Data excerpt >>
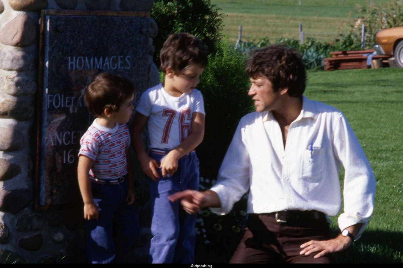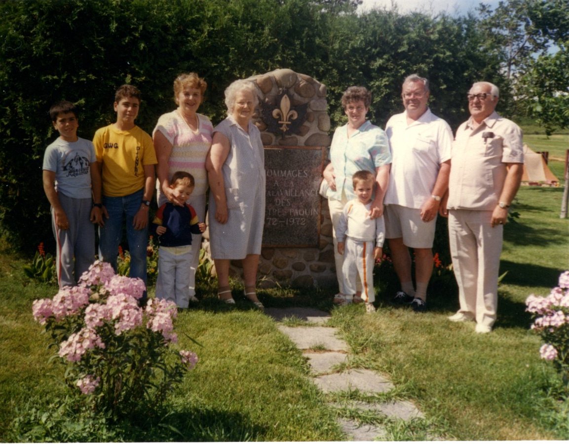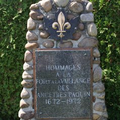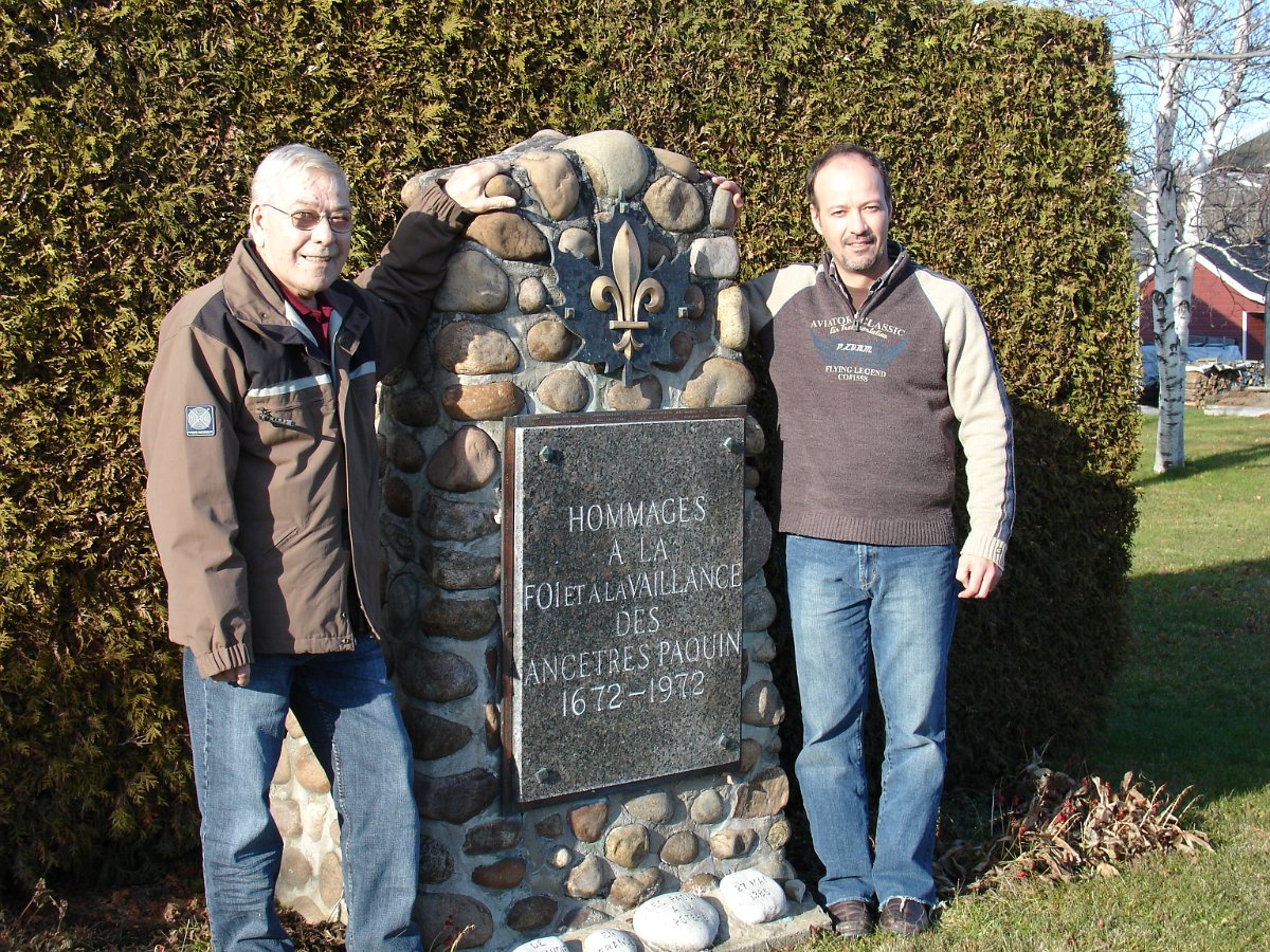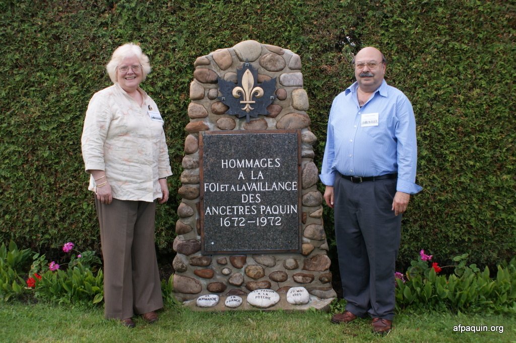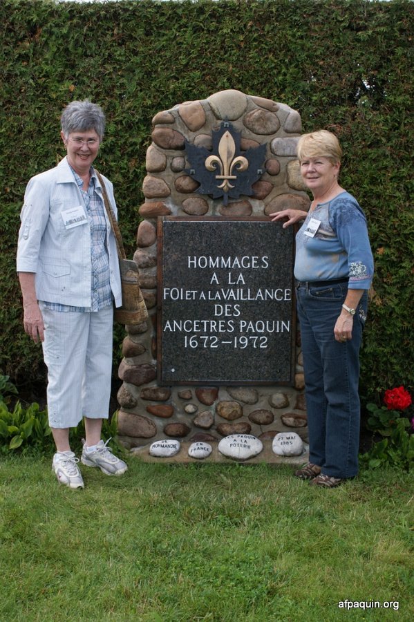 Hommages à nos ancêtresLe monument en 2007 Bastien Paquin / Maurice Paquin / Rémi Paquin Réjean Paquin et son fils Jean-Marie Paquin et Claude Paquin Nicole et Denise Paquin Alice Paquin / Clayton Carlisle en 2009 Jean-Paul et Jean-Marie Paquin Roland Pequin / Cody / Danielle / Bradley Jean-Paul Paquin / Ghislaine Charette Intégration à la base du monument des pierres reçu de FranceRéparation du monument
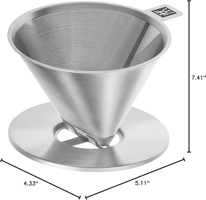 ZWILLING Sorrent Z1024-006 Stainless Steel Coffee Dripper/Mug Set, Double Wall Glass Coffee Mug, Heat Resistant, Cold Insulated, Paperless, Dishwasher Safe, For 1-4 Cups
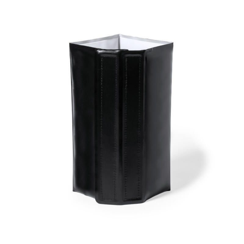 Enfriador con cierre ajustable de velcro, líquido refrigerante interior y fabricado en PVC negro mate.

What you are asked to do >> In the copy you return, include exactly the lines from the one containing "ZWILLING Sorrent Z1024-006" through the final line of the listing, and no pictures.

Answer to this task >>
 ZWILLING Sorrent Z1024-006 Stainless Steel Coffee Dripper/Mug Set, Double Wall Glass Coffee Mug, Heat Resistant, Cold Insulated, Paperless, Dishwasher Safe, For 1-4 Cups
 Enfriador con cierre ajustable de velcro, líquido refrigerante interior y fabricado en PVC negro mate.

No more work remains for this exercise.